What lines of the material hold the string "made"? Pull each of them out.

[Records shown]
==========

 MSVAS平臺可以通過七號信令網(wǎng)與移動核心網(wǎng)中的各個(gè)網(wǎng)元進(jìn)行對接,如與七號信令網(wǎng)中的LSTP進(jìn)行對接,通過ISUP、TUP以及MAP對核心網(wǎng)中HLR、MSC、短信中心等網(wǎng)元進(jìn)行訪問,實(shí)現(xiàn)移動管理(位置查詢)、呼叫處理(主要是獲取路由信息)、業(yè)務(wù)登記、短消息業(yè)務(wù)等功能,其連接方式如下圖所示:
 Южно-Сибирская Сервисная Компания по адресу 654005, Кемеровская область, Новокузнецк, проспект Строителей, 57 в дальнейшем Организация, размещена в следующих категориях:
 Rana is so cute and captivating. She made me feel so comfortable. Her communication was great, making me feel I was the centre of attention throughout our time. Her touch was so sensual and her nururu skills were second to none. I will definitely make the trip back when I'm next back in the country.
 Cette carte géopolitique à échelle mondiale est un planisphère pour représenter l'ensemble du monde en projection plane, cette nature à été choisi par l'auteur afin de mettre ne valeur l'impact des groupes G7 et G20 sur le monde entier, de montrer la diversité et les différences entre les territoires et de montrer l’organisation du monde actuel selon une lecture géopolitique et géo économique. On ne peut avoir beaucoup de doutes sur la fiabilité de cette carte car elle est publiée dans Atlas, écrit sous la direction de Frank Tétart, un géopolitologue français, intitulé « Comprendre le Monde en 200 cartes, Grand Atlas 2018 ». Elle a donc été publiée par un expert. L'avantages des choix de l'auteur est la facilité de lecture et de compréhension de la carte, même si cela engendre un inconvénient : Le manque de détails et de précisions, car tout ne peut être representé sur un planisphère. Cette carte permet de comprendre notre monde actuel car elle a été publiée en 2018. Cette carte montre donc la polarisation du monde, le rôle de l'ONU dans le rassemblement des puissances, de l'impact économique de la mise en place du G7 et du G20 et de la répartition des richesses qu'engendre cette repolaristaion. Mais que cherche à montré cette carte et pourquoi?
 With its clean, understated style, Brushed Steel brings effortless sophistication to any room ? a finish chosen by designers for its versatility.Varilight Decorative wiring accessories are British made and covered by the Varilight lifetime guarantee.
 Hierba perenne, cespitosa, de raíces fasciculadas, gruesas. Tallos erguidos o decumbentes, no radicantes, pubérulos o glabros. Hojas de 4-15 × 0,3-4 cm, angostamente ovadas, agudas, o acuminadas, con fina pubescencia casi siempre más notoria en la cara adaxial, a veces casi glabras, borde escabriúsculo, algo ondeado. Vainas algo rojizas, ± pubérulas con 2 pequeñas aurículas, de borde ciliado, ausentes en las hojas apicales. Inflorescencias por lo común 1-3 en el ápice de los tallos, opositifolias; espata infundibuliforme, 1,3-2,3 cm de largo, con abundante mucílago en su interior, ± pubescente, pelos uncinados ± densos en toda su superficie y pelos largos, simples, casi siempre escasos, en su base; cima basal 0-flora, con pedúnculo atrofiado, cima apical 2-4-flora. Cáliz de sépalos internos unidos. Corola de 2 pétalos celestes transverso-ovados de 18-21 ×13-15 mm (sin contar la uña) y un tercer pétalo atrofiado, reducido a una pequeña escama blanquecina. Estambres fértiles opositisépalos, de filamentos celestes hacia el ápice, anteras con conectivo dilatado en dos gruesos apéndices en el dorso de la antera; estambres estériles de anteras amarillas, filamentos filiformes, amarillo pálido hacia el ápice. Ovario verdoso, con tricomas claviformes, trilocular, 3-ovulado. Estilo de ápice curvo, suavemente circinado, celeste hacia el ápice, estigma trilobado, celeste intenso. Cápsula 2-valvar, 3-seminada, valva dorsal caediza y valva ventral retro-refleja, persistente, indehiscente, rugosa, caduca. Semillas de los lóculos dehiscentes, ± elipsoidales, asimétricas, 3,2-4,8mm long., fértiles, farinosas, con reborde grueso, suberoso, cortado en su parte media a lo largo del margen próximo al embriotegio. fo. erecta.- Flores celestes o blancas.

==========

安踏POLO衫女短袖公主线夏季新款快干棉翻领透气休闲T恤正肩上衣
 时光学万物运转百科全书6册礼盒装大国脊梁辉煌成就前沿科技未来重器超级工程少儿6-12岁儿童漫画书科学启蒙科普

==========

[Written reply]
 Rana is so cute and captivating. She made me feel so comfortable. Her communication was great, making me feel I was the centre of attention throughout our time. Her touch was so sensual and her nururu skills were second to none. I will definitely make the trip back when I'm next back in the country.
 With its clean, understated style, Brushed Steel brings effortless sophistication to any room ? a finish chosen by designers for its versatility.Varilight Decorative wiring accessories are British made and covered by the Varilight lifetime guarantee.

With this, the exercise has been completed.